Sakarya’ları önleyecek faşizme karşı mücadeledir

Bu tokat ezen sömürgeci ulusun, faşist iktidarın Kürde, emekçilere tüm muhalifleredir. Sömürgeci faşist rejimin kendi varlığını sürdürmek için körüklediği ve karakterinin en belirgin özeliğidir ırkçılık. Yoksa sorun hasta kafaların veya ırkçılığı kendine misyon edinmişlerin kendisi değil, onu yaratan besleyen sistemdir.

Bu faşist ırkçı saldırılar ne ilk nede son olacaktır. Bugüne kadar onlarcası, yüzlercesi daha insanlık dışı şekillerde yaşandı ve buna karşı tepkiler ne hikmetse 2 günde söndü. Bir, iki, bağırdım, sustum, bitti… Bağırdında nereye bağırdın, kim duydu seni? Bu neyi değiştirdi?

Sakarya saldırısı ne ilk ne son. Son olması bize bağlı, devamı da bizim suçumuz olacak. Boş boş kendi kendine sosyal medyada bağırmalar ne işe yarıyor? “Bende Kürdüm” ee sonra?? Onlarda biliyor bunu. Ya sonra? Boş bir istikrardan öteye gitmiyor bunlar. Bende Kürdüm heyyy aç sosyal medyanı kocaman yaz. İstersen küfret iyi gelir belki… Hatta aç pencereni bağır bağırabildiğin kadar. Ama bak önce etrafta kimse yoksa bağır. Şimdi rahatladın mı? Ne oldu? Kime neyi anlatıyorsun?

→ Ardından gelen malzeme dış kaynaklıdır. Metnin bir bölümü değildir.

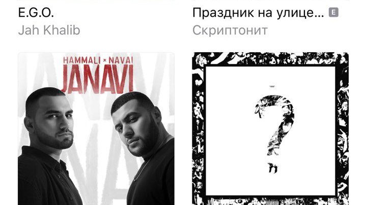Сервіс Apple Music підвів підсумки року і назвав найпопулярніші альбоми в Україні. До списку кращих увійшли, зокрема альбом E. G. O. Jah Khalib, "Праздник на улице 36" гурту "Скриптонит" і "?" репера XXXTENTACION, який був убитий в цьому році.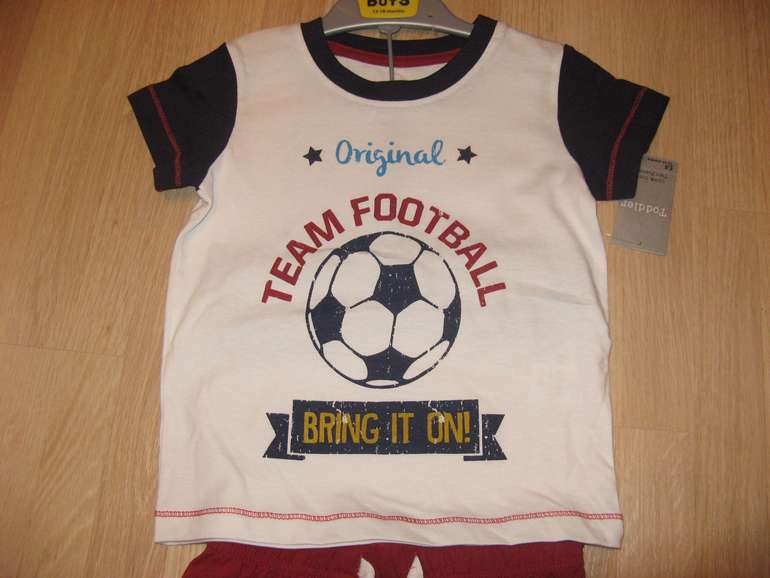 Пижама с длинным рукавом фирмы Mothercare. Кофточка ярко-желтая с синими рукавами, впереди принт футбольный мяч, штанишки темно-синие пояс на резинке, состав 100% хлопок. Размер 2-3г (92-98), 3-4г (98-104) 4-5лет(104-110). 490руб.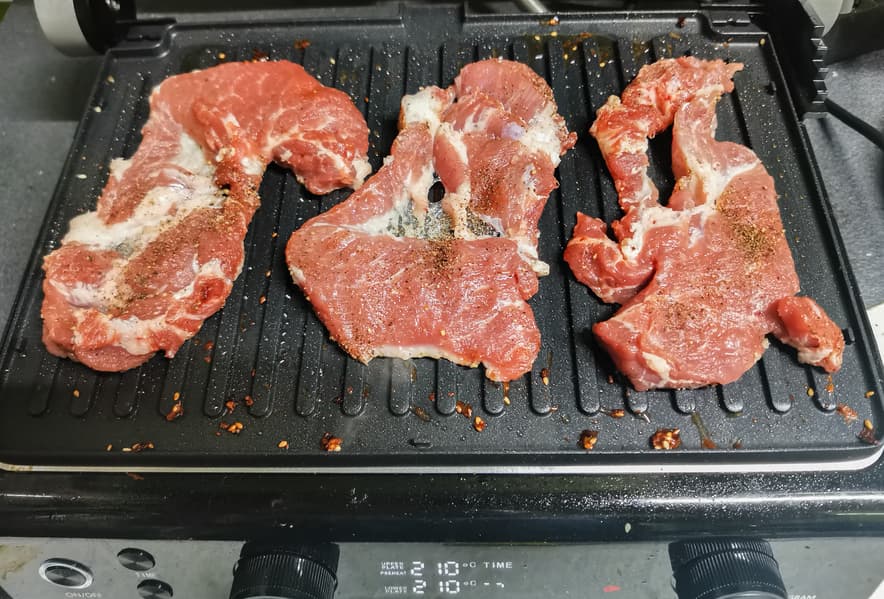 Куски шейки без предварительной мариновки выложили на предварительно разогретые панели-гриль.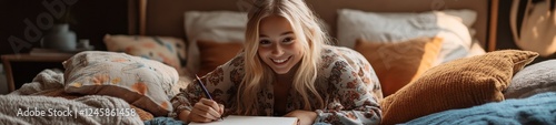 Cozy Boho Bedroom Scene with Young Woman Journaling in Pajamas

Yanlışın öğretildiği bir çocuğu dövmek kadar yanlış. Yanlışa bir başka yanlışla cevap ve-re-me-mek kadar yanlış. İstikrar yanlış-ta devam ettiği sürece bu zerre kazanım olmaz, aksine ciddiyetsizleşir, basitleşir ve çürür…  Sonra bakarsın kaç kişi kalmış, ee hani bağırmıştın o kadar ne oldu? Tepki gösterilen nokta bile yanlış. İnsanlar doğarken faşist doğmuyor. Böyle yetiştirilmiştir. Ve bunda ısrar ediyor. Aynı Sakarya saldırısından daha birkaç gün önce yine Sakarya’da 12 yaşındaki bir çocuğa cinsel saldırıda bulunan Fatih Nurullah adındaki sapık Uşşakki tarikatının liderine sessiz kalmanın öğretildiği gibi… Sen doğruyu anlatabildiğin noktada vazgeçer bundan.

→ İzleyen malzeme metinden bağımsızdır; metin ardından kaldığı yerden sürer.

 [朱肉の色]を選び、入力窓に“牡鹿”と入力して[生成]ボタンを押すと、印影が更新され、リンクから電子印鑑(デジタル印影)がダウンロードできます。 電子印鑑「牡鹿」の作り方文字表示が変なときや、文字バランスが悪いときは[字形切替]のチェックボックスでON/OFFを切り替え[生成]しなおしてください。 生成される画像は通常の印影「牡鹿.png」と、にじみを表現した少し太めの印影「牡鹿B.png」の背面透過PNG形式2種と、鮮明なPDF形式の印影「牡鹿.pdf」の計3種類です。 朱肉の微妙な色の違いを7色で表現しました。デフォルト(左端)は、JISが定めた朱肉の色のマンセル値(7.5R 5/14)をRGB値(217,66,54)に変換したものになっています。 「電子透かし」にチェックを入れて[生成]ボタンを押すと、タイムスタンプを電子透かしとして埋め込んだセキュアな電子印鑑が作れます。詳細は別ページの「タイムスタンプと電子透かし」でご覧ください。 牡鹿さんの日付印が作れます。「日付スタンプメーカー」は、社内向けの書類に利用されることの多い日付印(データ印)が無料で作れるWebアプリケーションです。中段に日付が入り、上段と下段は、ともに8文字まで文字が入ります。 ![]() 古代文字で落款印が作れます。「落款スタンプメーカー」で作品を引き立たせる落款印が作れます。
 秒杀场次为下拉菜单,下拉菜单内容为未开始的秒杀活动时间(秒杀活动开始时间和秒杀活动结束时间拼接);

Bu bana biraz liberal kesimin tarzını hatırlattı… Barış naraları atan kesim… Savaşarak ölenlere indirek-direk saygısızlık eden kesim… Yıllardır bu mücadele için varını yoğunu emeğini canını vermiş insanlara akıl hocalığı yapmaya yeltenen kesim… Onlar barış naraları attıkça hergün faşizmin daha ağır katliamlarını yaşıyoruz. Henüz Özyönetim direnişinin yaraları sarılmadı, henüz içimiz soğumadı… Liberaller ise barış naraları atmaya devam ediyor. Onlar kendini çok iyi biliyor…

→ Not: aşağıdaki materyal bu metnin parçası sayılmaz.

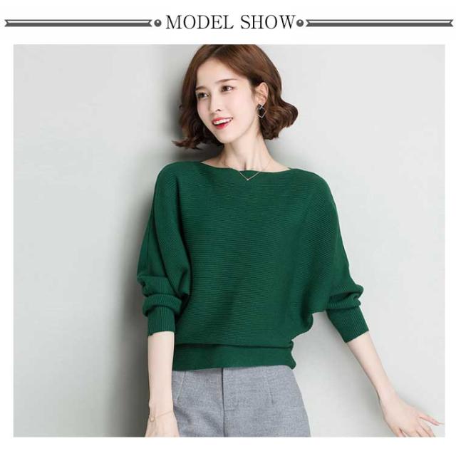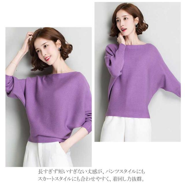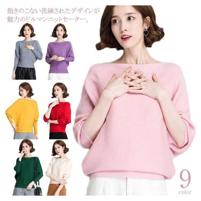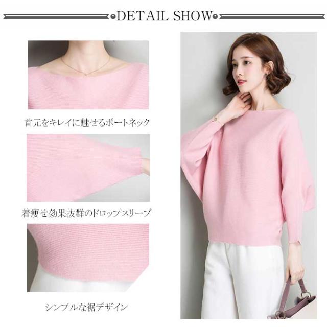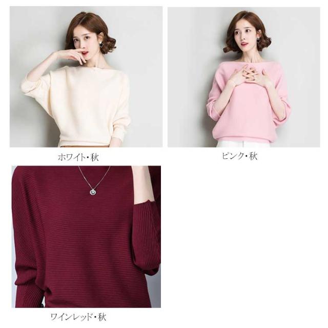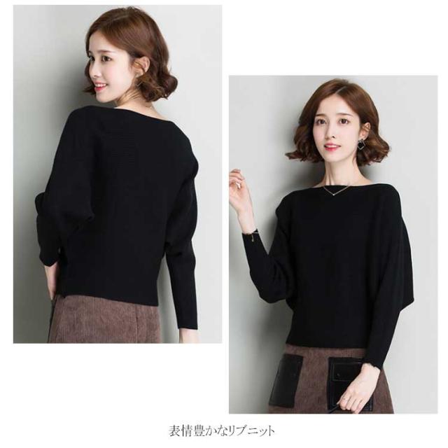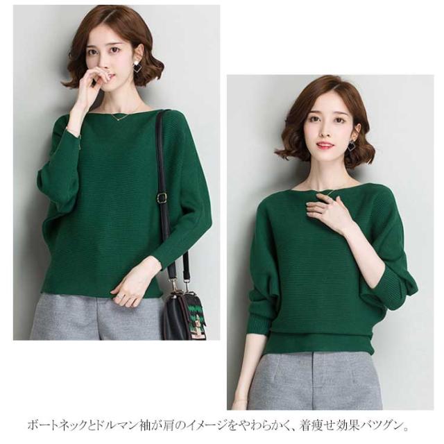 ニットトップス ニットセーター レディース ドルマンスリーブ ボートネック リブ編み ゆったり ゆるカジ ショート丈 長袖 セーター 無地 体型カバー 着痩せ 大きいサイズ ドルマン袖 秋冬 秋服 冬物 通勤 お出かけ

Bize gittikçe daha çok zarardan başka bir şey vermeyen, aman kendi koltuğu, şanı, popülaritesi gitmesin elden… O küfretse bile pohpohlansın. Sonrada insanlar linç edilince “kınama” mesajları versinler. Ve bitti! Ve bu yine Kürtleri, Ermenileri, Arapları, Süryanileri, Alevileri, emekçileri, kadınları, çocukları, ezilen, ötekileştirilen tüm kesimleri zora sokmaktan başka bir işe yaramasın ama kendi isimleri gündemde olmuş olsun…

İşte bunlar nasıl faşist dediğimiz kesim yanlış yönlendiriliyorsa, bir faşist yaratılıyorsa, liberaller sayesinde de pasif bir toplum yaratılıyor. Bunu daha çokça uzatabiliriz. İnanıyorum ve biliyorum, halk istese dünyayı faşistlerin başına yıkar. Ama hangi faşistin? Faşist devletin! Salt sosyal medyaya sıkışıp kalmakla, sadece orda o gün saldıran faşisti sadece “sözlerle” dövmekle olmayacak bu. Sokak ayağını yeniden oluşturmaya cüret edilmeli. İçte biriken öfke artık eyleme dönüşmeli. Tek kurtuluşumuz budur. Yoksa hergün yeni yeni Sakaryalar yaşatılmaya devam edilecek.

Sömürgeci faşist devletin kendisi var oldukça, tüm bu saldırılarda var olacaktır. Hedefimize direkte bu sömürgeci faşist iktidardan hesap soran olmadıkça bu ırkçı faşist saldırılar da devam edecek.